Just want to argue a bit about players 'never abandoning a goal', with
a little story about my own Everquest experience:

I have a dark elf character that I created the day the game came out,
and have been playing since then.  My goal was to be a member of the
Vale Patrol, which is an NPC group of halflings dedicated to
protecting the veil.  The reasons for wanting to do this are fairly
complicated but basically it boils down to the fact that when I
started playing, the Halfling NPCs in the Dark Elf starting area
(Nektulos Forest) were more friendly than the PC elves there.

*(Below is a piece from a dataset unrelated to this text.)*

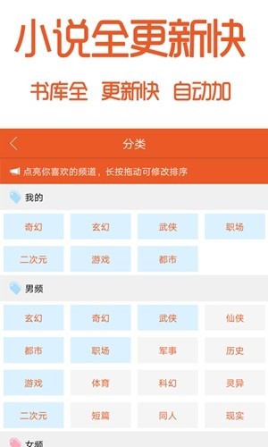 app的作品类型十分的全面,各种热门的题材都一一包含,大家可以点亮感兴趣的标签频道,从而获取更多喜欢的小说资源

Anyway, trying to make a long story short.  Becoming a member of the
Vale Patrol involves doing faction work.  And for a dark elf, it
involves a LOT of faction work.  I mean really, really a LOT of
faction work.  I wouldn't be surprised if there weren't any other dark
elf members of the Vale Patrol.  Let me just point out that there are
no benefits to actually being a member of the patrol.  You get a ring
that has a single charge of a healing spell that loses its worth at
about level 4 or so.

So, I get my Squad Ring, the halflings all love me.  A few months and
a few levels later, I go back to Rivervale, and the halflings all hate
me again.  Apparently there was some bug that reset your faction.
Having spent only god knows how many hours killing orcs and goblins, I
plead with the GMs to reset my faction.  They say there's nothing they
can do.

So, after much lamentation, I started over.  "Wait," you say, "you're
proving my point."  And actually, I do agree with you, to a point.
But on with the story.  I did the squad ring quest again, and you're
right, it was not nearly as much fun, and that was a very boring point
of my EQ life.  But I was Myrrn Valefriend (a rather odd last name for
a dark elf) by that time, and I was a member of the Vale Patrol,
damnit, so I had to get it back, and I did, after many more hours
spent killing orcs and goblins and other things.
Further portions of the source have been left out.